25 aralık 1215: moğol atlısı nicedir dört dönüyor. pikemanlerimiz man at armlarımız kafire işlemez oldu. putperestler dört nala hızla kaçıyorlar. town center ve kulelerin etrafındaki binalara ilişemez oldular ancak tarlalar ve evler harap oldu. deli ibrağam'ı sordurttum, workshop'ta mahsur dediler. kurtar bizi ya Rab!

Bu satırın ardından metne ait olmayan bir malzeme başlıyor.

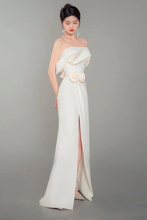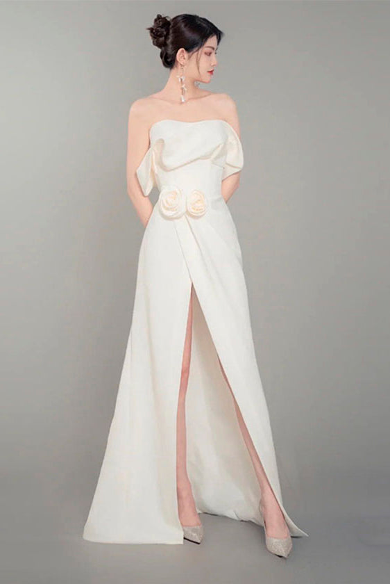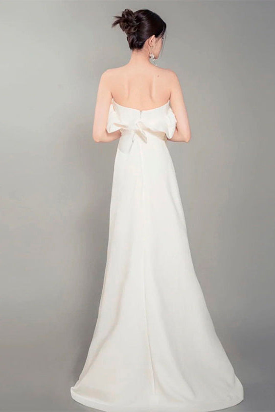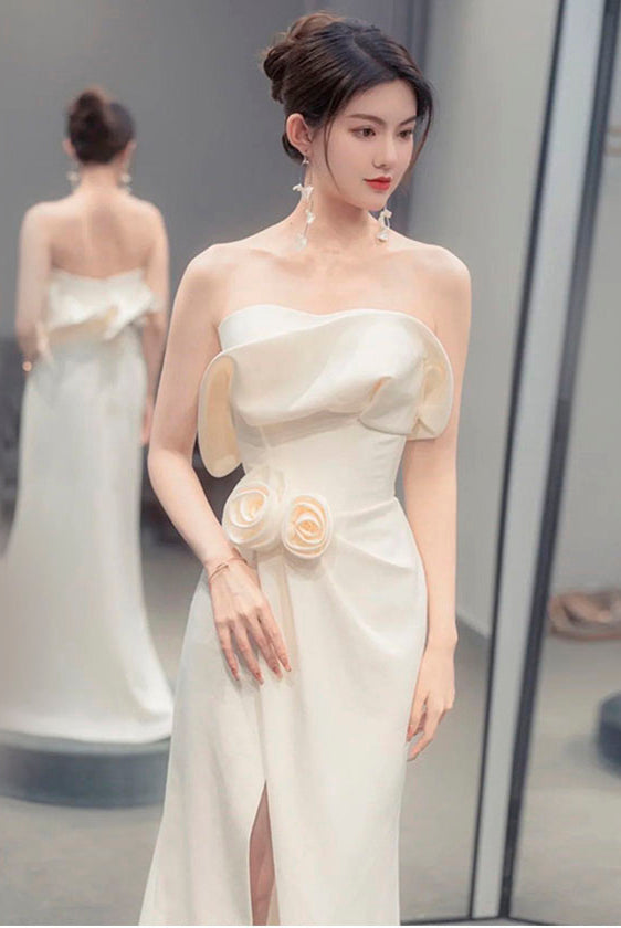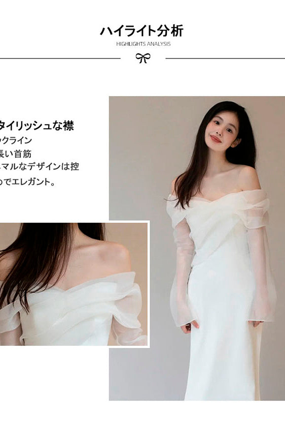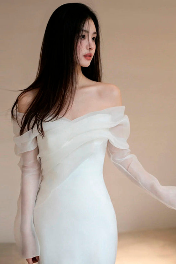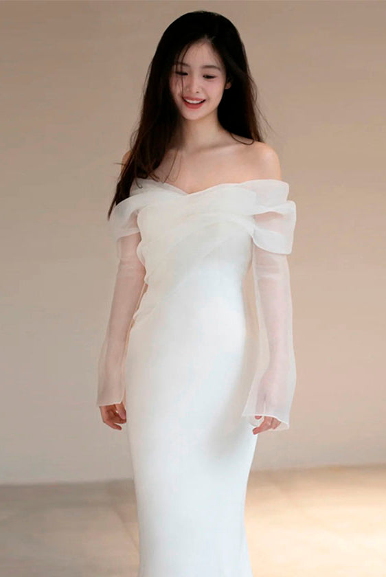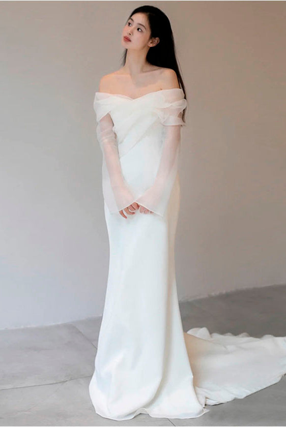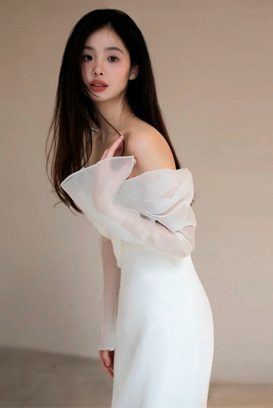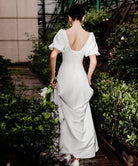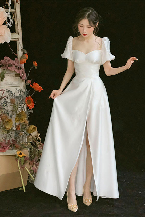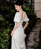 フランスのシンプルで軽いウェディングドレス、レトロなサテン、新しいスタイル、旅行写真、女性用の白いドレス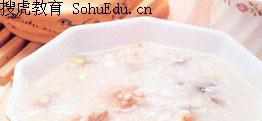 (4)锅开后再去沫,用小火煲至炊烂,加盐调味。
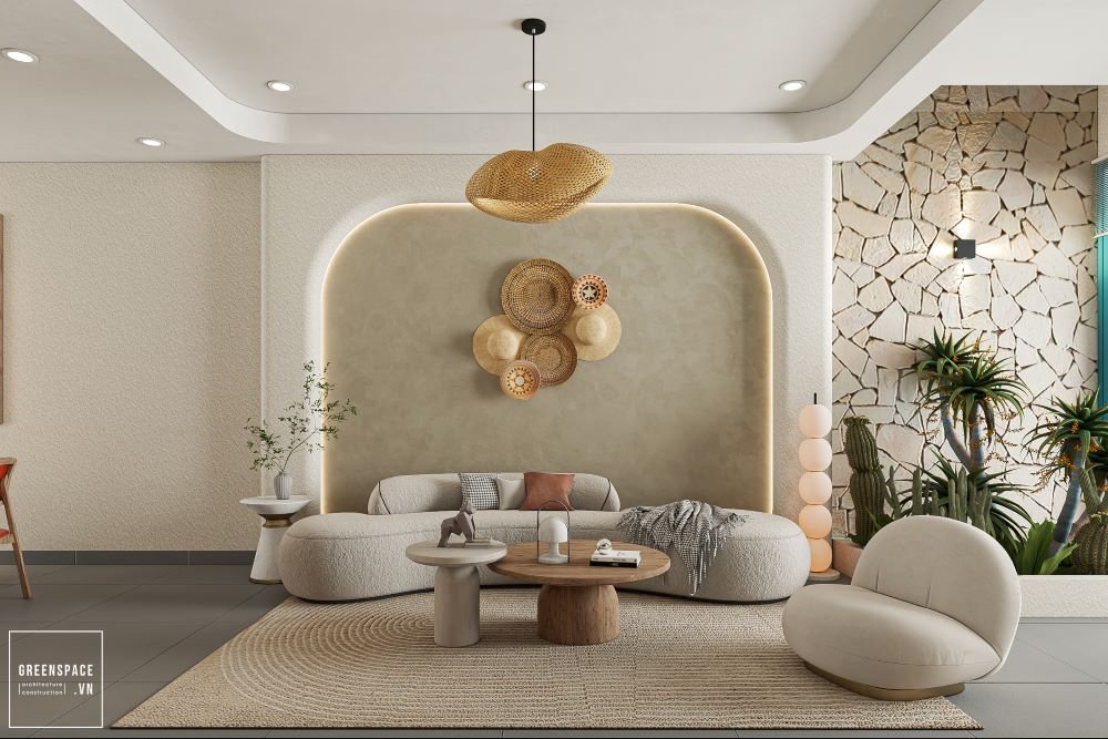 - Vật liệu: Gạch, đá tự nhiên, gỗ mộc và sơn trắng giúp tạo cảm giác gần gũi và dễ chịu.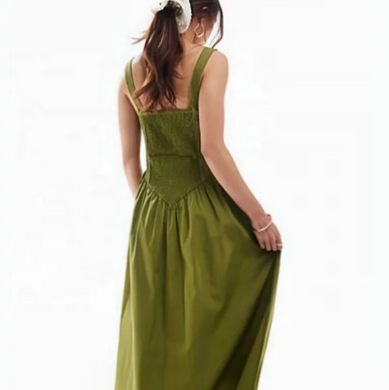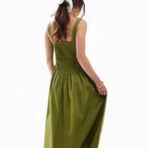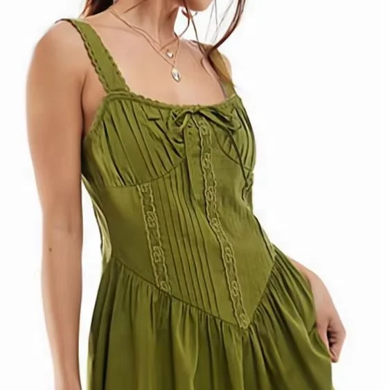 Corset Bodice Square Neck Maxi Vacation Sundress with Lace Trims
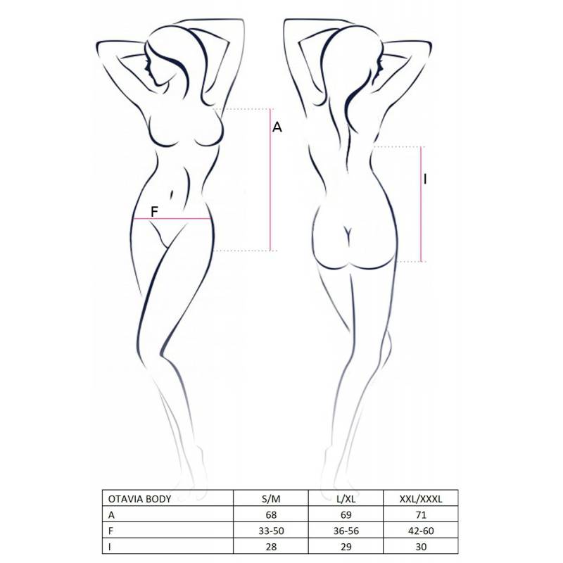 В нашем магазине вы можете купить кружевное боди Passion Erotic Line OTAVIA BODY. Данная модель выполнена из тонкого черного кружева, которое очень приятно на ощупь. Глубокий V-образный вырез и открытая спина делают силуэт более стройным и утонченным. Нижняя часть боди декорирована полупрозрачной оборкой. Кружевное боди акцентирует внимание на бедрах и ягодицах, подчеркивая их красоту. Побалуйте себя невероятно сексуальным и женственным бельем.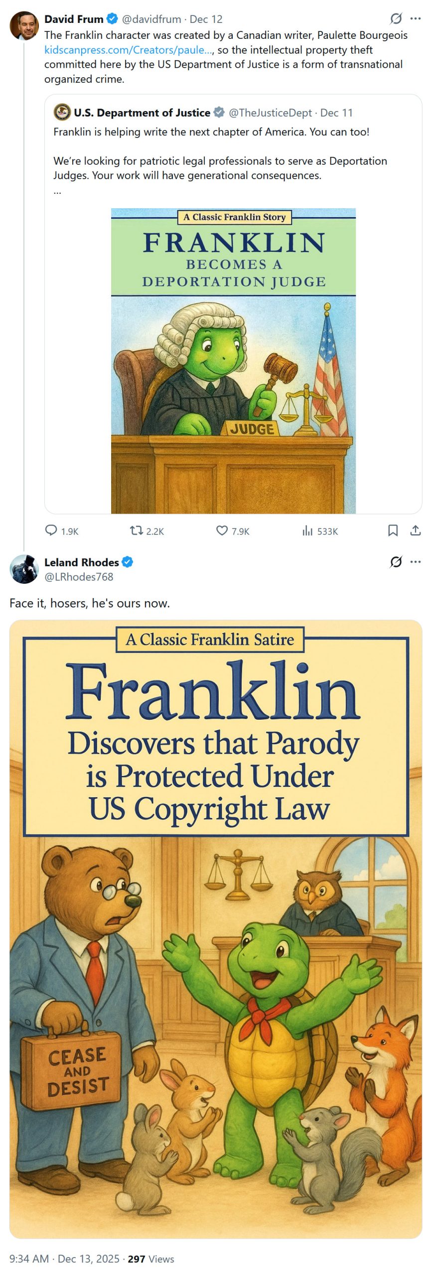 IT’S FRUM TO THIS: David Frum Explains Why DOJ’s Use of ‘Franklin’ Parody Is a Form of Transnational Organized Crime. “The Atlantic’s David Frum comes across like he’s just been hired as Franklin’s attorney with this assessment of what the Justice Department has done by sharing that meme…As you might have guessed, Frum’s post on the speculative legal aspects of the Trump administration’s ‘Franklin’ memes had the immediate opposite effect:”
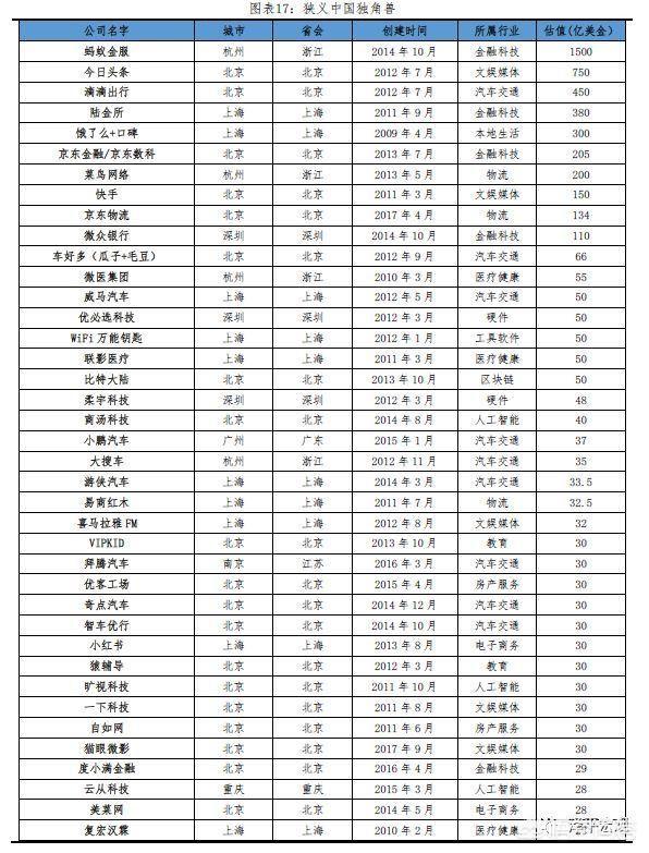 根据公含义,独角兽是值达到10亿美元未上市的初创企业。由于独角兽企业大都集中在互联网、金融等领域,因此独角兽企业往往代表着新经济的活力,行业的大趋势,国家的竞争力。美国和中国是全球独角兽企业最集中的两个国家,独角兽企业数量合计全球的七八成。在我国,北上深杭是我国独角兽最集中的四大城市。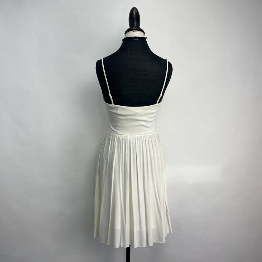 spaghetti straps, eyelet top, short midi, no print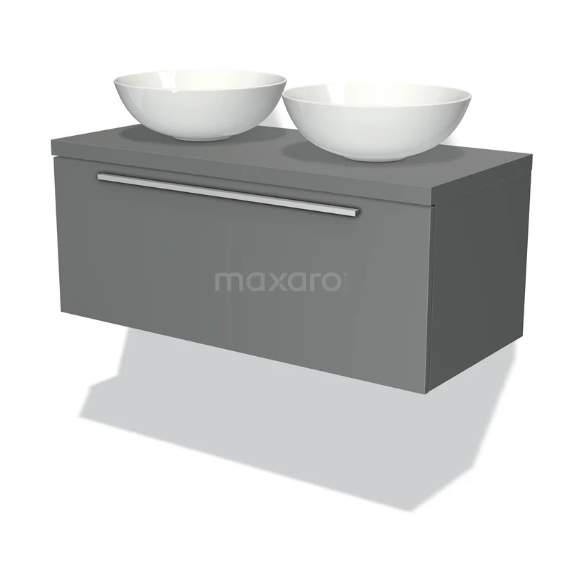 Modulo Plato Badmöbel mit Aufsatzwaschbecken | 100 cm Mittelgrau Flach front Mittelgrau blatt 1 Schublade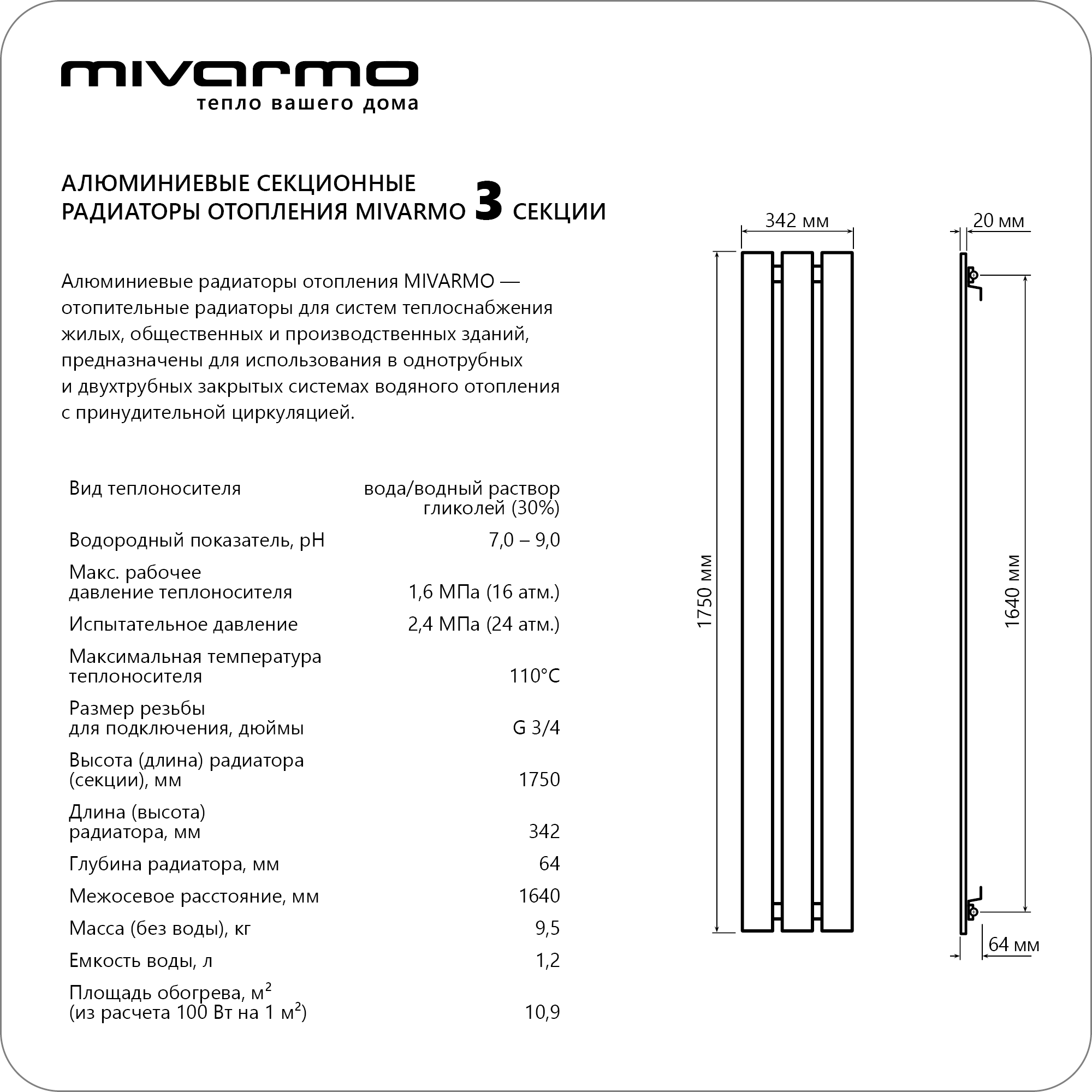 СохранитьСекционный радиатор отопления Mivarmo 3 секции, горизонтальное/вертикальное подключение 175 см (белый матовый) интересное:

27 aralık 1215: şafakla beraber bir cenktir gidiyor. her yer toz duman. kuzey duvardaki açıklıktan pempe üniformalı yiğitler geleyazdı. moğol ile cenk edeler. aralarında tarkanların lideri tarkan'ı tanıdım. yiğit delikanlı. benim kız da gözünü pencereden alamaz oldu. hamdi bey'e konuyu açtım "ahdiniz var beyim, briton kralının kellesi... " diyecek oldu. ya sabır çekip uzaklaştım.

29 aralık 1215: hun yiğitleri moğolu güney duvarda kıstırıp harap ettiler. at üstünde er, omuz üstünde baş komadılar. halk sokağa döküldü. odunları çıkarttırdım, evler ve tarlalar yeniden yapıla buyurdum. tarkanları ziyafete buyur ettim. elyıns önerdiler. "elyıns nedir?" dedim, ittifak imiş. seve sev kabul eyledim. bir anda kalp gözümüz açıldı, tarkan diyarlarını görür olduk. celal efendi hayra yordu.

30 aralık 1215: bir yılı daha devirdik bu ecnebi diyarlarda. şükürler olsun.